Carsten Ziegeler wrote:

Ralph Goers wrote:
How much do we know about the directory structure required by Maven? I know that OSGi R3 requires a directory structure, R4 doesn't.

Don't understand the comment (from Upayavira) about directory structure, R3 and R4, care to explain?

However, one package per bundle would make implementation much easier.
At least for OSGi R3, each block (bundle) must export a unique set of packages. It would be nice if we could move all classes and interfaces so this is the case and deprecate the block classes and interface with non unique packages before we release 2.2.0 final. It is not particulary complicated but requires some work.

It is necessary (if it hasn't changed in R4), that we move to block unique package names before we start to release OSGi functionality. So the sooner we can deprecate the non unique package use, the better. But it is not a blocker for 2.2.

Unfortunately, my knowledge only extends to Maven 1. Carsten would have to answer this as he has been working on the conversion to Maven 2. It doesn't look like he has had to do much so far, but I'm still worried that circular dependencies between blocks are going to show up.
Currently we don't have circular dependencies, so the current structure
will work with maven as well. Now m1 and m2 do not differ that much when
it comes to the directory structure: one java source directory per
project, several resource directories (if you need), on directory for
java tests etc. So this works pretty well for our current blocks.
If we want to split blocks into api and impl for example, we have to
create two maven projects - this of course then will also reduce
problems with circular dependencies.
I don't know if we need something else for osgi, but I think this
approach (api vs impl) should work there as well.
It is not necessary to split into api and implementation for introducing OSGi, but it will certainly be easier to use, and scale much better if we do it. Especially when there are several blocks implementing the same api, it will simplify things if we have separate api blocks. Then the api blocks that a block depends on can be downloaded during compilation of the block, and the user can choose between several implementaions of the used apis while deployoing the block.

Spliting the code into api and implemetation require however considerable work and thought as not everything is designed with such a split in mind. So I think that is something that we need to work on incrementally.

I just want to avoid any "we can't release X because we're waiting for feature Y", that is something we've stumbled with all too often.
+1

We should get into the habit of releasing what we actually have done rather, than not releasing because we developed something else than what we planned.

Yes, I would like to avoid that as well. However, I don't know that we need to be using a formally released Maven 2 to know how to do this.

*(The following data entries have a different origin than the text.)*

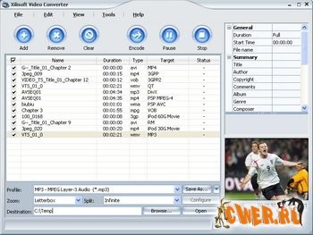 С помощью программы Advanced X Video Converter вы можете конвертировать видео файлы из одного формата в другой. Поддерживаются следующие форматы: AVI (DivX, XviD, MPEG-4...), MPEG (MPEG-1, MPEG-2), WMV/ASF, VCD/DAT и SVCD. Кроме этого, программа позволяет соединять и разделать видеофайлы, а также есть возможность извлекать звуки и изображения из видеофайлов. Advanced X Video Converter обладает понятным интерфейсом и не вызовет проблем при работе даже у неопытного пользователя.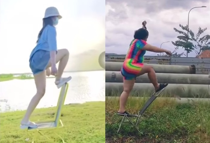 "Đu" theo trend đi bằng ghế của các hot girl mạng, cô nàng mập mạp làm chiếc ghế gãy đôi.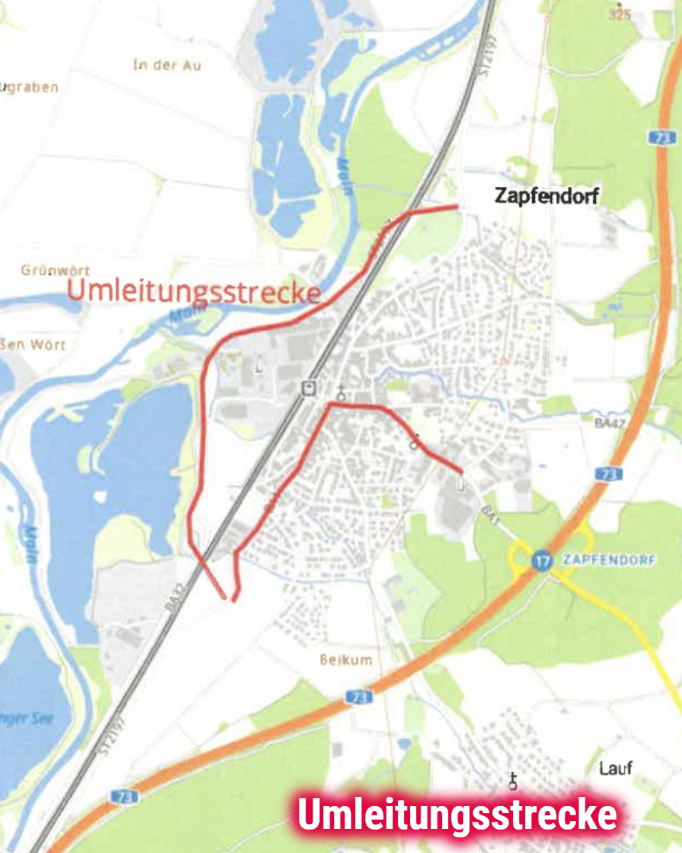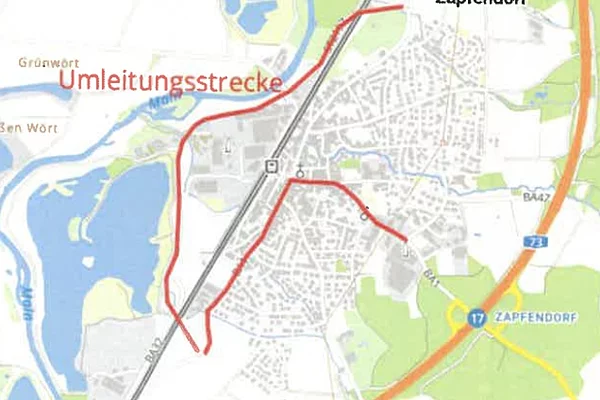 Die Umleitungsstrecke führt am Sonntag, den 12.10.2025 (ganztags) über die Westtangente Zapfendorf.

I think time will tell. Switching to maven is currently at a very low
rate, not many of us are working on it (which is ok of course), the same
happens to the OSGi stuff. We shouldn't delay 2.2 neither because of
waiting for m2 nor waiting for OSGi. The current version seems to work
and build system works as well.
Exactly.

                                    --- o0o ---

Considering what we need to _change_ to get real blocks: The only thing I know about is some package renaming as discussed above. It will be more about _adding_ things. We will need manifest files with OSGi info in and we will need block.xml that describe dependencies on other blocks and bundles (this need to be integrated with the m2 dependecy information). The block.xml will also contain references to the blocks (sample) sitemap and component configuration(s) as we discussed last weak. This is all things that we can work on in an evolutionary way.

From my current knowledge the largest remaining question is about how to configure components that a block exposes. Part of it is clear, the block.xml can refer to the .xconf(s) that is part of the block today and export the components within the configuration so that it is available to other blocks (through OSGi services as discussed earlier). This far everything is as before, but done using OSGi instead of using compile time mechanism.

The question is how a user should be able to adapt the configuration of the components of the block while using it. Today one can modify the component configuration snippets by hand, but that is not as easy while using blocks as the configuration will be embeded in a precompiled block that is packaged as a bundle and asumed to be used as is. One possible solution is to decide before hand what should be deploy time configurable and use block attributes for this (BTW block attributes and the setting stuff that Carsten and Ralph are discussing seem to have a lot in common, we should see if the block attributes could be build avbove or integrated with the settings stuff). Another solution is to export the implementation of the components and configure them in the block that uses them instead (don't like this though, as it don't give any isolation). A third solution could maybe be to declare the configuration as a "fragment" that can be overided. Fragments is an Eclipse concept that have been made part of OSGi R4, I don't know enough about it to say if it is usefull in this context. Other ideas?